[Dataset excerpts]

»»

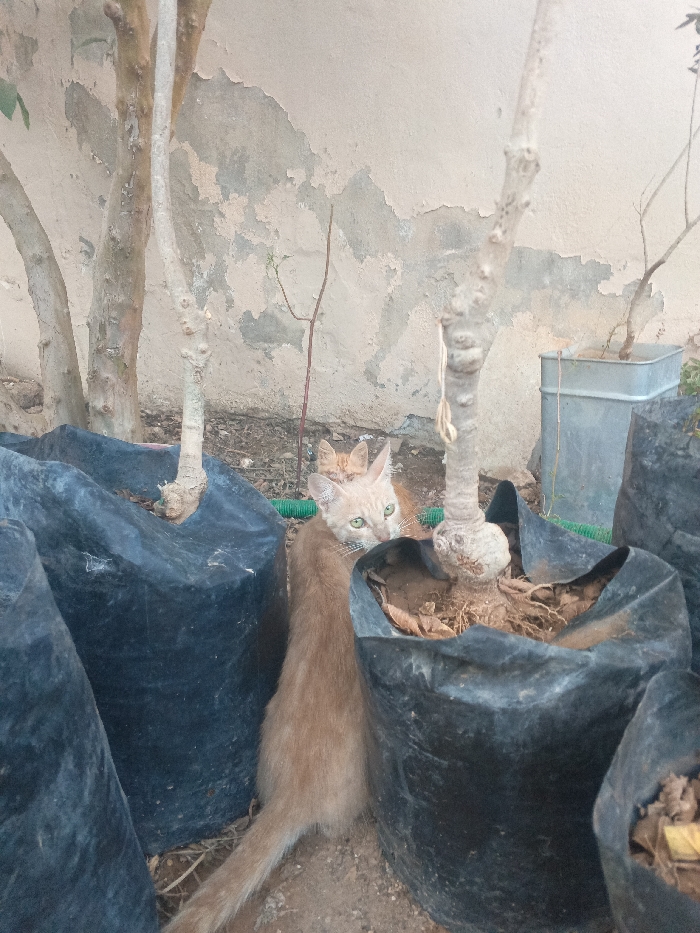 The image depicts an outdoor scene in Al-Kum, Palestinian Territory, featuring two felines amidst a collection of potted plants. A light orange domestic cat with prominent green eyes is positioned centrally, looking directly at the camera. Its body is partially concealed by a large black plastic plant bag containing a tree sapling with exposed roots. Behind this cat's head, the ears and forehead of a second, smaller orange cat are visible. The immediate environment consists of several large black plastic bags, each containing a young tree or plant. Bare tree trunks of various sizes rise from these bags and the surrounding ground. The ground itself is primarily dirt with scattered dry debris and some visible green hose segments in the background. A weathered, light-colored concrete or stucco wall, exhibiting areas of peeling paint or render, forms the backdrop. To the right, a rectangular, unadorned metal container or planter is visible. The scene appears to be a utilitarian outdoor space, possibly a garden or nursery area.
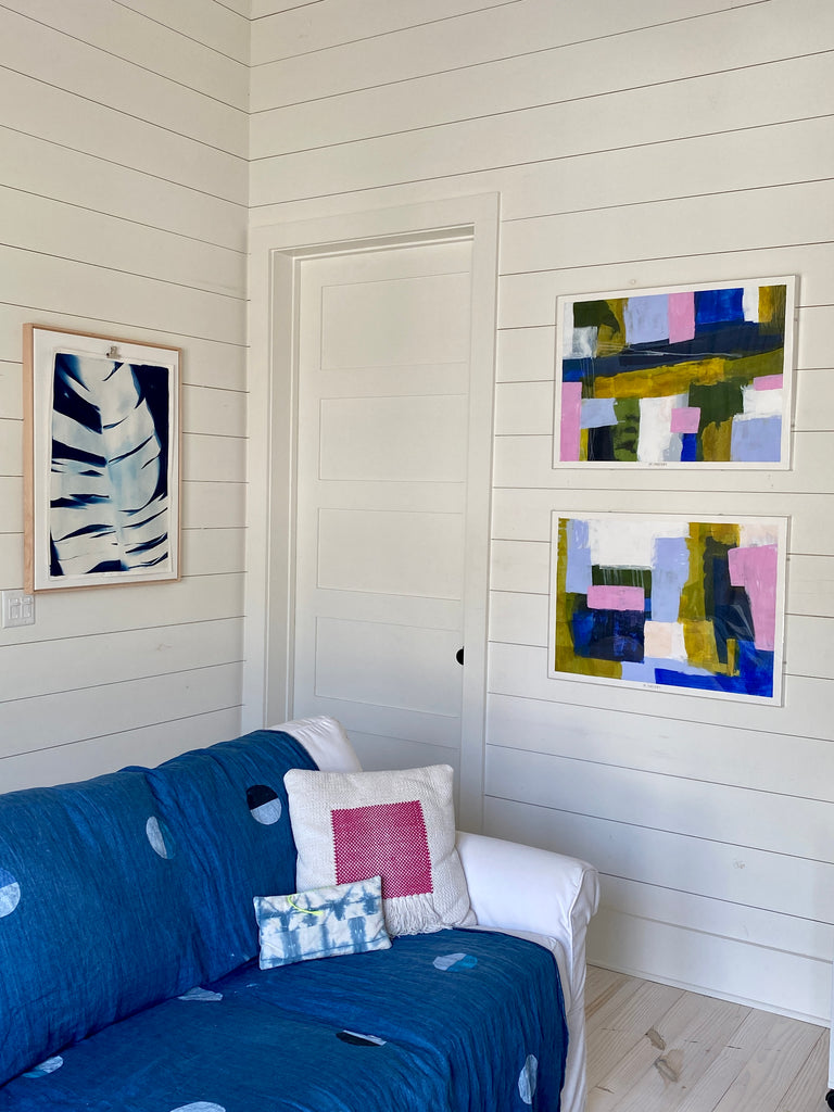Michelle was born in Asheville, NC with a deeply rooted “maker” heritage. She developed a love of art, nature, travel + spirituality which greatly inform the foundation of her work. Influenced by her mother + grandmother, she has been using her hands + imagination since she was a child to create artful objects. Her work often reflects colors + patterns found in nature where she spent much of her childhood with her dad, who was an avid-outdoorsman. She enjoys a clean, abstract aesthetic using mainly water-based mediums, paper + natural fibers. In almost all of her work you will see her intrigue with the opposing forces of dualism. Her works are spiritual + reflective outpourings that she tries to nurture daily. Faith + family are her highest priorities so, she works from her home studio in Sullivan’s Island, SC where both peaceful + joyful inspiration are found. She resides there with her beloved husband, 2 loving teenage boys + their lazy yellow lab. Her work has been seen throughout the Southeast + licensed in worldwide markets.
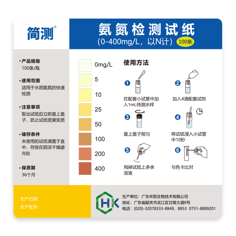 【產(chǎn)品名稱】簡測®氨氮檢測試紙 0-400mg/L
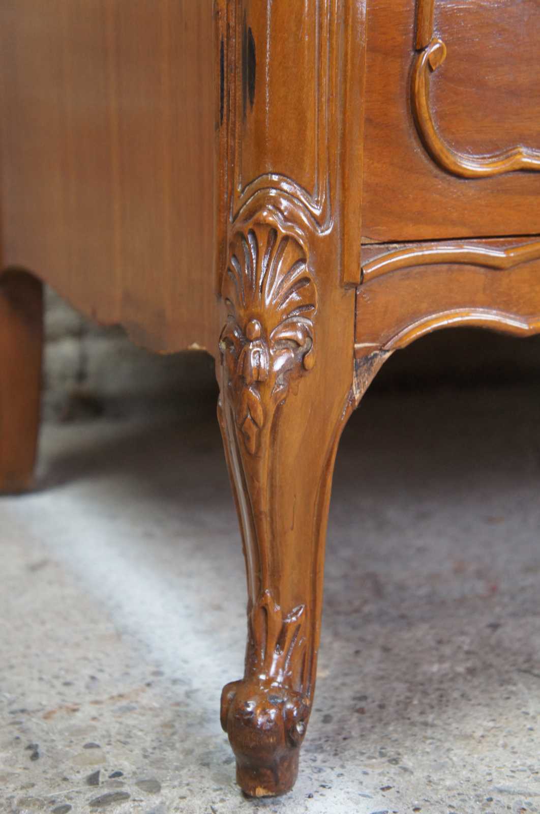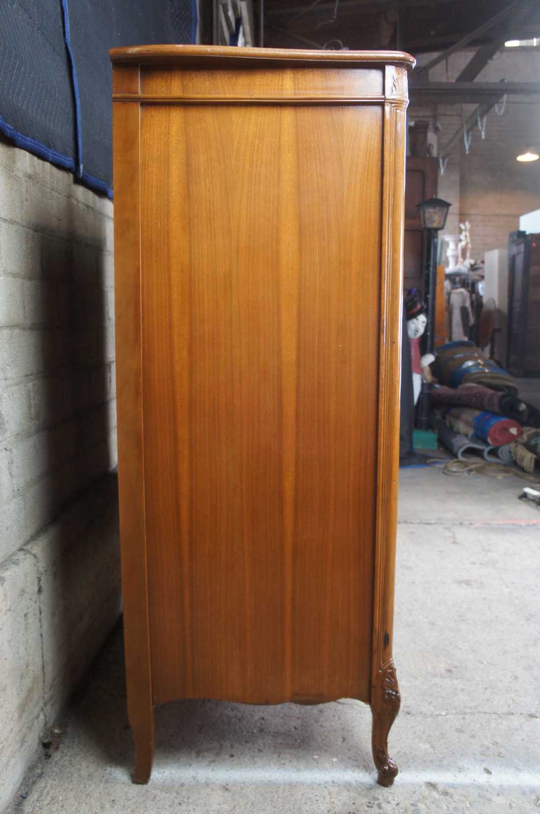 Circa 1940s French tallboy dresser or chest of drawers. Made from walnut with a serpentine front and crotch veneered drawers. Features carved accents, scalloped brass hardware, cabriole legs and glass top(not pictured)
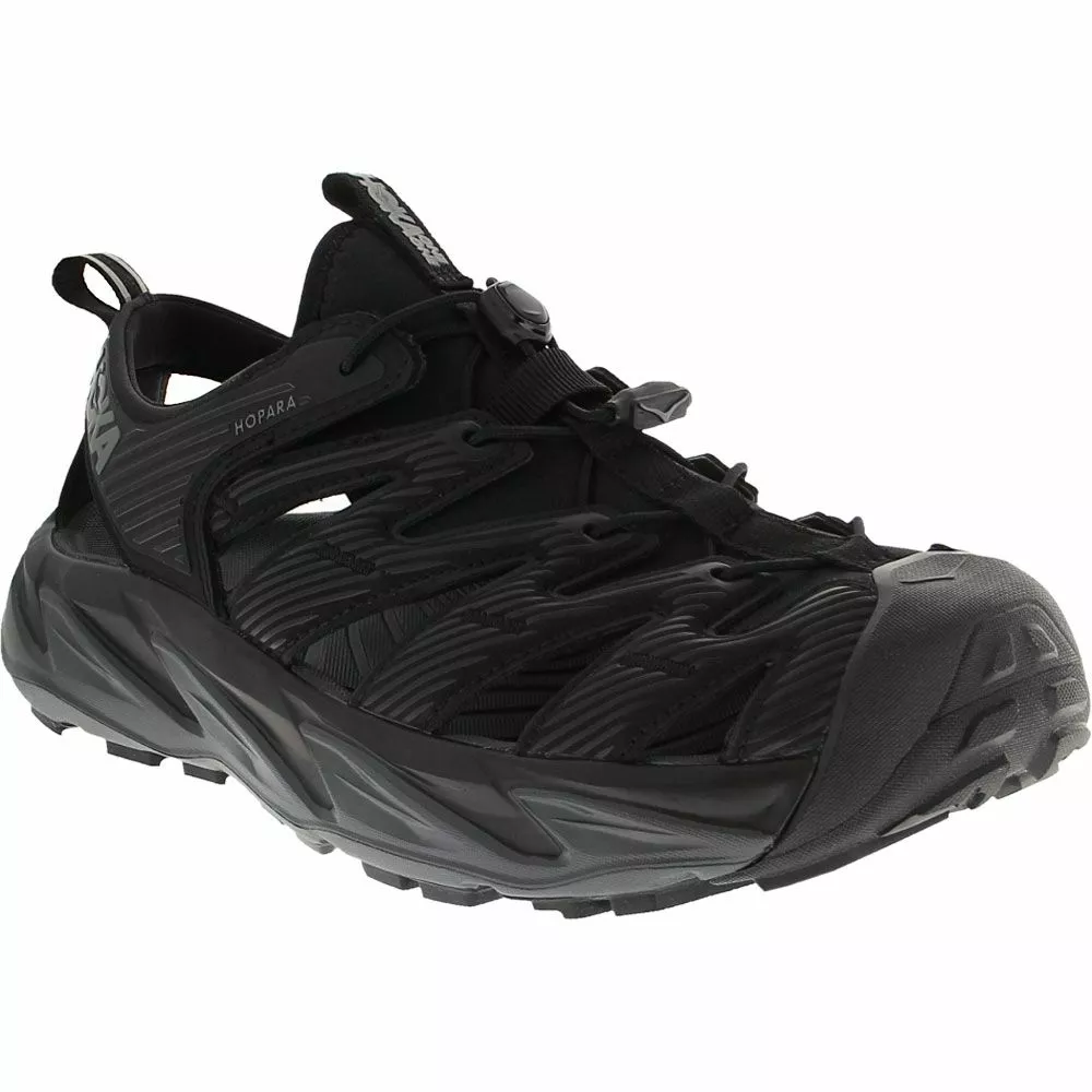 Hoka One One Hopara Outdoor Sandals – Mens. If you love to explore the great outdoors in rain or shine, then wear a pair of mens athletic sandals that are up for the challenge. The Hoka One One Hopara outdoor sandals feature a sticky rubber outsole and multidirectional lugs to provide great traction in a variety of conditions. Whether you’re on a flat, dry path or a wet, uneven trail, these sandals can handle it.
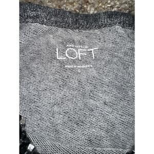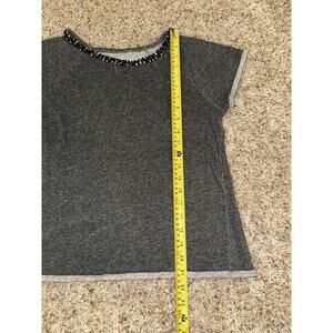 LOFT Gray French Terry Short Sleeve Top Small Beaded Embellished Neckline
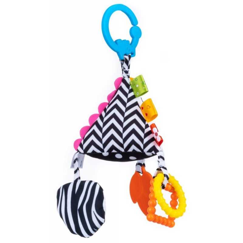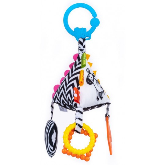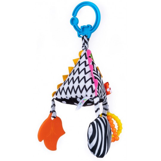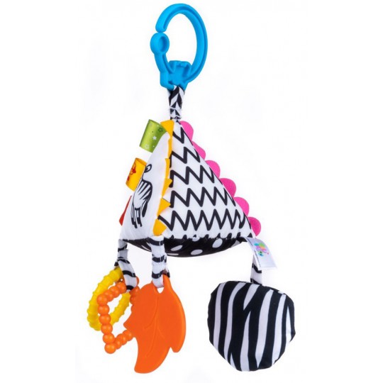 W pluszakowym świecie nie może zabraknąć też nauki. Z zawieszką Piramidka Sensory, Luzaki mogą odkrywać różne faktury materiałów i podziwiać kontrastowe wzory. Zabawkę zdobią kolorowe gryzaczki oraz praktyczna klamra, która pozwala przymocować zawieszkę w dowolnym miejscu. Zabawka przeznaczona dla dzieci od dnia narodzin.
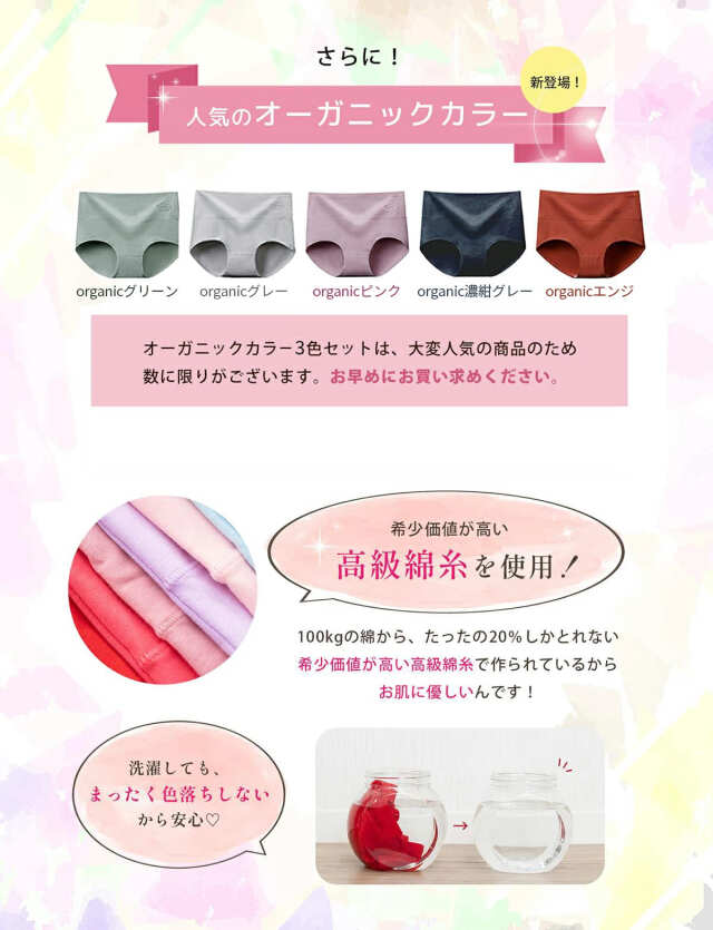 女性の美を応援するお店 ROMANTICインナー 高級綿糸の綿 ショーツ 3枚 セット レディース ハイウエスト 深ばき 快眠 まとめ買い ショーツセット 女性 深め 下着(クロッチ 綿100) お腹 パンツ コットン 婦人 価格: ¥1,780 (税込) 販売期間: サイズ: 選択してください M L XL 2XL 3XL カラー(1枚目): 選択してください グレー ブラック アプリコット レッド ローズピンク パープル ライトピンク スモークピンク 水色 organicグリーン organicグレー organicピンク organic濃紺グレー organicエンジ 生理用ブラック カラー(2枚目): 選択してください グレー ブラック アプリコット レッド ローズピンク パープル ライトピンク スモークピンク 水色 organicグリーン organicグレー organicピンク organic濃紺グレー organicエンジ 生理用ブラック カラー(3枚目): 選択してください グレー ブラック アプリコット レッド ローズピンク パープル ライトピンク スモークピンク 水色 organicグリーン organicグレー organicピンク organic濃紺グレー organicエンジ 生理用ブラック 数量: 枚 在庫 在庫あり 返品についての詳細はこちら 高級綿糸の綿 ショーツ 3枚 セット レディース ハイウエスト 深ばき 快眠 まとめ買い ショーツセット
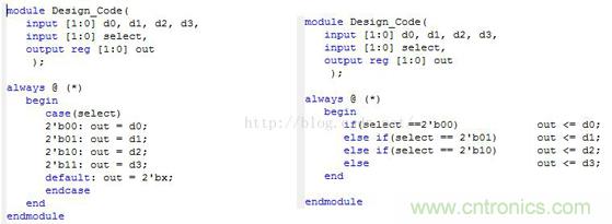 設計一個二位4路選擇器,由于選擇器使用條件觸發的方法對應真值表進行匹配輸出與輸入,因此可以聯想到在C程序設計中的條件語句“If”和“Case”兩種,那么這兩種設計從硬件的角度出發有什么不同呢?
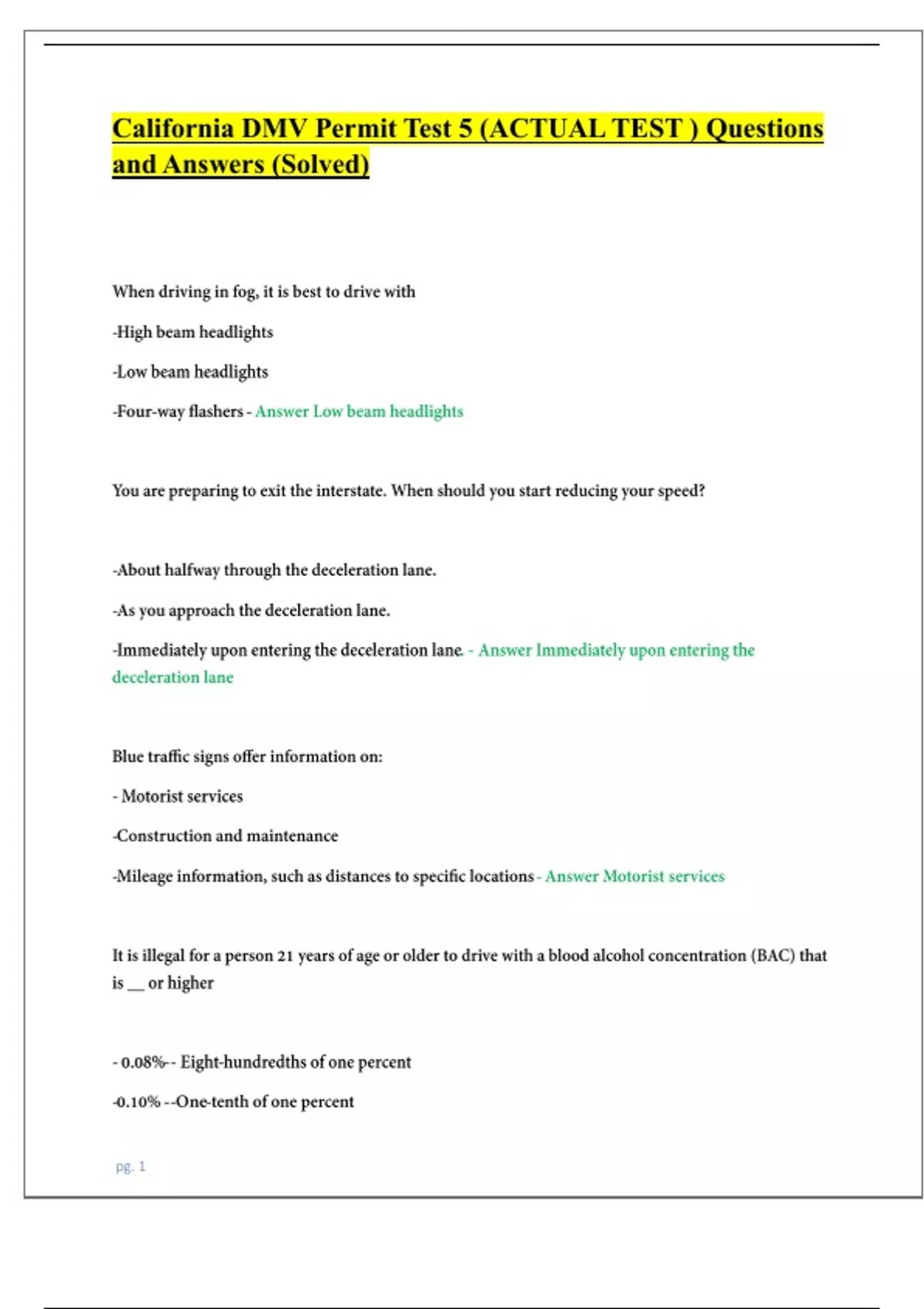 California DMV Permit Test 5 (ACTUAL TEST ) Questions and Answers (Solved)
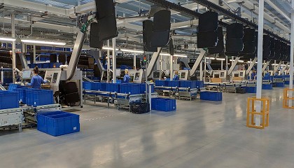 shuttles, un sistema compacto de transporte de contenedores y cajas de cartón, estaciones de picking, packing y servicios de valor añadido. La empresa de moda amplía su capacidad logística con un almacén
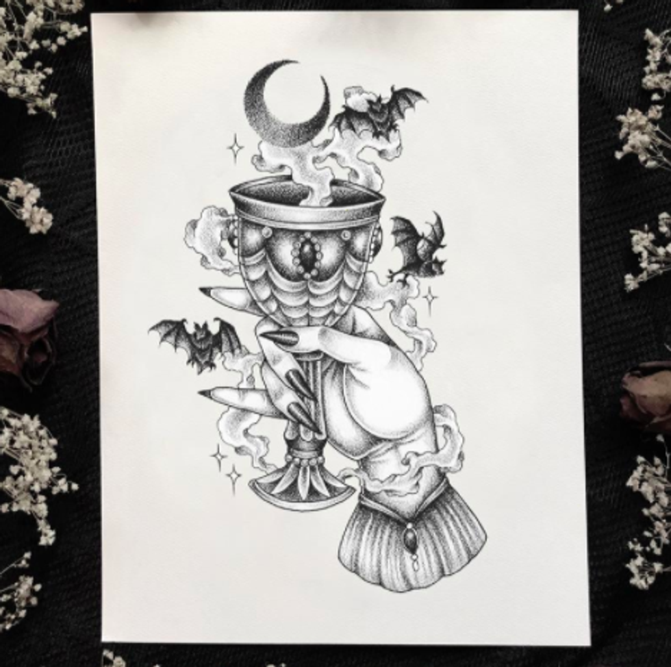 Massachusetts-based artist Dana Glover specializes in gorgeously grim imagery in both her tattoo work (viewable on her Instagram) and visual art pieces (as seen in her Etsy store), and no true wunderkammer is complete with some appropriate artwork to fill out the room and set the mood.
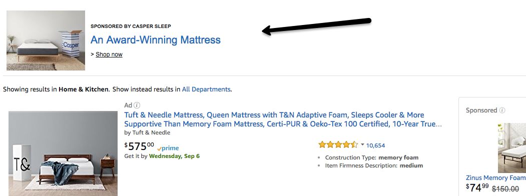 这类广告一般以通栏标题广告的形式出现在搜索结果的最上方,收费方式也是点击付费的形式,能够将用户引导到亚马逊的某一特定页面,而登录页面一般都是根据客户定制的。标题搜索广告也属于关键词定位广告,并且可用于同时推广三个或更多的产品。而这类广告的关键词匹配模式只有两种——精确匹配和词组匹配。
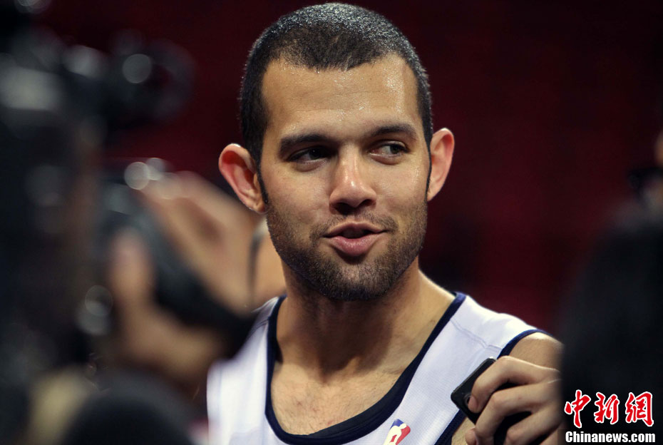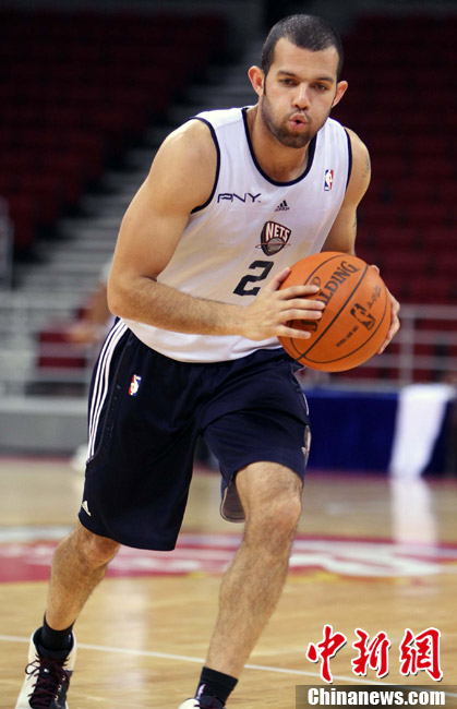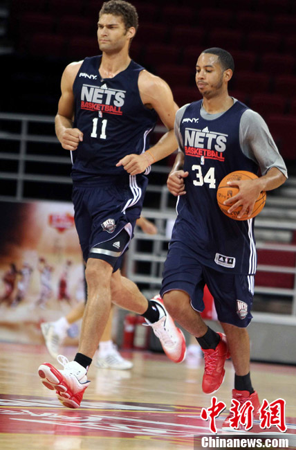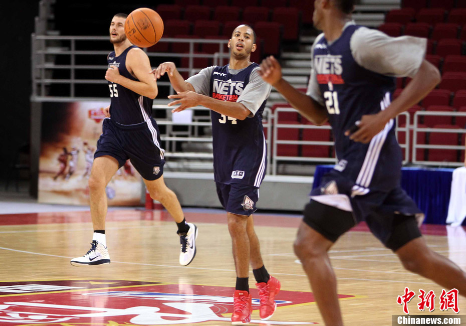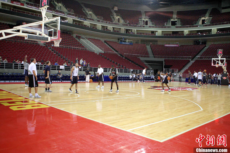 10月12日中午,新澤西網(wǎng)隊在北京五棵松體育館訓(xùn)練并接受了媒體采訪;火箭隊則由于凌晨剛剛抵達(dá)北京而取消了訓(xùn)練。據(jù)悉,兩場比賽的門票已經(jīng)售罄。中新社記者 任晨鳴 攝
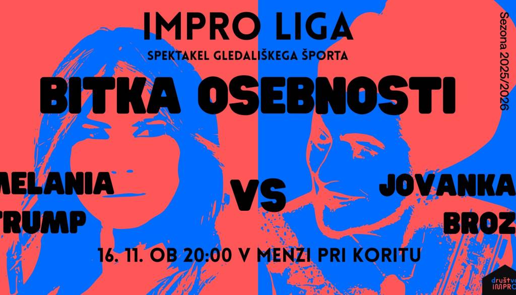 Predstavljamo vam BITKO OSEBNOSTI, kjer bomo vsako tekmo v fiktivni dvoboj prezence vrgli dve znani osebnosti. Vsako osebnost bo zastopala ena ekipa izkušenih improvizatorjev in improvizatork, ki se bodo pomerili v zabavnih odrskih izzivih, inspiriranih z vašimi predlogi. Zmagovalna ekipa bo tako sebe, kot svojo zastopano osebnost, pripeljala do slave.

««

_Goal of the exercise_
Only what runs from the line containing "California DMV Permit" through the end of the entries above should be extracted, exactly and without pictures.

_Final answer_
 California DMV Permit Test 5 (ACTUAL TEST ) Questions and Answers (Solved)
 shuttles, un sistema compacto de transporte de contenedores y cajas de cartón, estaciones de picking, packing y servicios de valor añadido. La empresa de moda amplía su capacidad logística con un almacén
 Massachusetts-based artist Dana Glover specializes in gorgeously grim imagery in both her tattoo work (viewable on her Instagram) and visual art pieces (as seen in her Etsy store), and no true wunderkammer is complete with some appropriate artwork to fill out the room and set the mood.
 这类广告一般以通栏标题广告的形式出现在搜索结果的最上方,收费方式也是点击付费的形式,能够将用户引导到亚马逊的某一特定页面,而登录页面一般都是根据客户定制的。标题搜索广告也属于关键词定位广告,并且可用于同时推广三个或更多的产品。而这类广告的关键词匹配模式只有两种——精确匹配和词组匹配。
 10月12日中午,新澤西網(wǎng)隊在北京五棵松體育館訓(xùn)練并接受了媒體采訪;火箭隊則由于凌晨剛剛抵達(dá)北京而取消了訓(xùn)練。據(jù)悉,兩場比賽的門票已經(jīng)售罄。中新社記者 任晨鳴 攝
 Predstavljamo vam BITKO OSEBNOSTI, kjer bomo vsako tekmo v fiktivni dvoboj prezence vrgli dve znani osebnosti. Vsako osebnost bo zastopala ena ekipa izkušenih improvizatorjev in improvizatork, ki se bodo pomerili v zabavnih odrskih izzivih, inspiriranih z vašimi predlogi. Zmagovalna ekipa bo tako sebe, kot svojo zastopano osebnost, pripeljala do slave.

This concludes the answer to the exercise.